African Journal of Biotechnology Vol. 6 (3), pp. 184-187, 5 February 2007   

ISSN 1684–5315 © 2007 Academic Journals        

Full Length Research Paper

Influence of EDTA and magnesium on DNA extraction from blood samples and specificity of polymerase chain reaction

Khosravinia, H.^1* and Ramesha, K. P.^2y

¹Department of Technology of Animal Products, Agriculture Faculty, Lorestan University, P.B. 465, Khoramabad-68135, Lorestan, Iran.

²Department of Biochemistry, Indian Institute of Science, Bangalore-560012, India.

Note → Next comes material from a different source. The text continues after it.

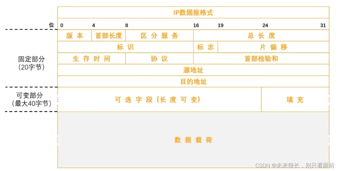 总长度:占16比特,表示IP数据报的总长度【首部+数据载荷】,最大取值为十进制65535,以字节为单位。

*Corresponding author. E-mail: Khosravi_fafa@yahoo.com. Ph:  (+98)(+661) 3203714 (Off.), (+98)(+661) 2212851 (Res.), 09166673705 (Mob.). Fax: (+98)(+661) 4200289.

^yPresent Address: NRC on Yak, Dirang-790101, Via Bomdila, Arunachal Pradesh, India.

Accepted 8 December, 2006

This study consisting of two trails conducted to examine the impact of initial EDTA level added to blood samples on quantity and quality of genomic DNA isolated from avian fresh blood and the influence of initial EDTA level with various levels of MgCl₂ added to polymerase chain reaction (PCR) final volume on amplification pattern. EDTA level added to collected blood samples had no significant impact on quantity as well as quality of extracted genomic DNA. However, higher levels of EDTA increased the OD₂₆₀ and enhanced the OD₂₆₀/OD₂₈₀ ratio beyond 1.8-1.9 which is broadly accepted as an indicator of high quality DNA. To avoid such an error, EDTA level in initial blood sample must not exceed 9 µg/µl blood. The initial amount of EDTA has no influence on PCR process if a valid DNA isolation protocol is used. Addition of MgCl₂ from 1.0 to 2.4 µl in a final volume of 25 µl could support the amplification properly. Low levels of MgCl₂ results in incomplete amplification but levels higher than 2.4 µl impedes the amplification by negative interference to the whole reactions.

Key words: EDTA, DNA extraction, Mg²⁺ concentration, PCR.